[Cryptography] Signal hypothetical use case becomes practical since cellular providers have started censoring private text messages

erik erik at erikgranger.name
Thu Dec 30 08:55:38 EST 2021


Recently, I heard a very concerning thing: If you share this link via unencrypted SMS on t-
mobile, it won't go through:


https://www.canadiancovidcarealliance.org/media-resources/the-pfizer-inoculations-for-covid-19-more-harm-than-good-2/[1]

I first attempted to send the link to myself. It did not go through. 

Just for a sanity check, I sent it through Signal. It did go through, obviously. 

I then tried to send it to myself again through regular sms. It did not go through. I tried 
sending the word "test". It did go through. 

I repeated several variations of this sort of behavior several times before sending a 
message to other people I know who I know use t-mobile. They did not receive the link. I 
then sent it to people who do *not* use t-mobile. They did not receive the link. Of course, 
sending the link through Signal did work. 

We started to develop pretty quickly a rough table of which mobile providers were 
blocking it and which weren't. 

Verizon does not block the link. AT&T does not block the link. Cricket Wireless does not 
block the link. One person said that Mint Mobile does block the link, and then another 
person who apparently also has this cellular provider I've never heard of said that the link 
was *not* blocked. 

We also determined that links to just the domain itself are blocked, so you can't just tell 
someone, "go to this link, click here, click there..."

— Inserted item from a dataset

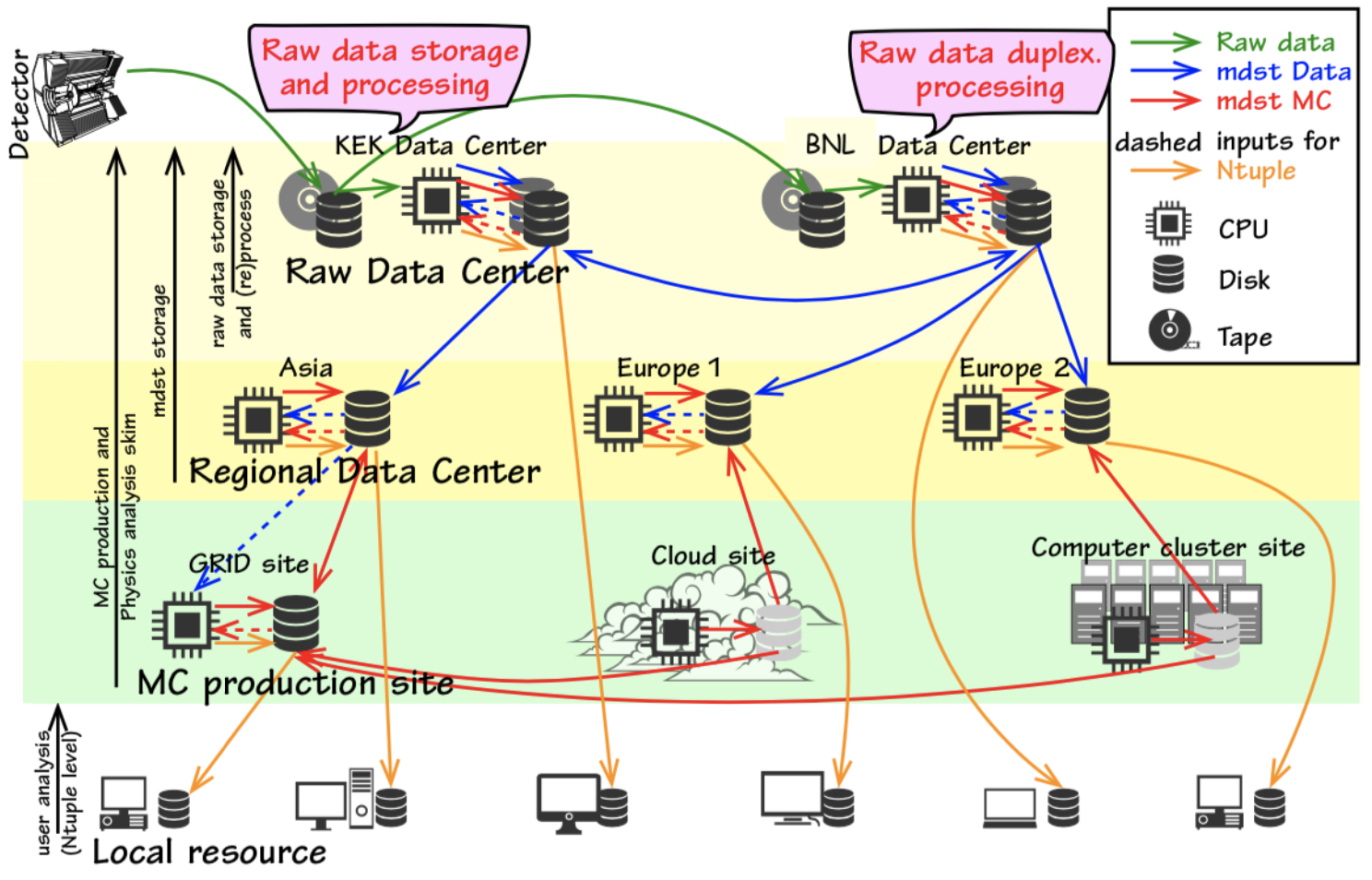 Fig. 25.31 The Belle II distributed computing model. Two copies of the raw data are stored and reprocessed at the raw data centers, in order to produce mdst files.¶

Like teenagers testing out Runescape's cuss-filter, we had a doozie of a time trying 
random variations and seeing what worked and what didn't... but I stray from the point.

I believe this is interesting because it demonstrates, in reality, a concern that is always 
mentioned in terms of a hypothetical (at least in the USA). Very rarely does anyone ever 
have to confront the reality that their cellular provider can block and censor their text 
messages. If they do agree that it is possible, they usually do not agree that the cellular 
provider ever *would* do that. Now, we have a real case study, and if you have t-mobile, 
one you can demonstrate to them. 

This may aid in cryptographic communication adoption. As I said, of course if you send it 
through Signal it gets there no problem.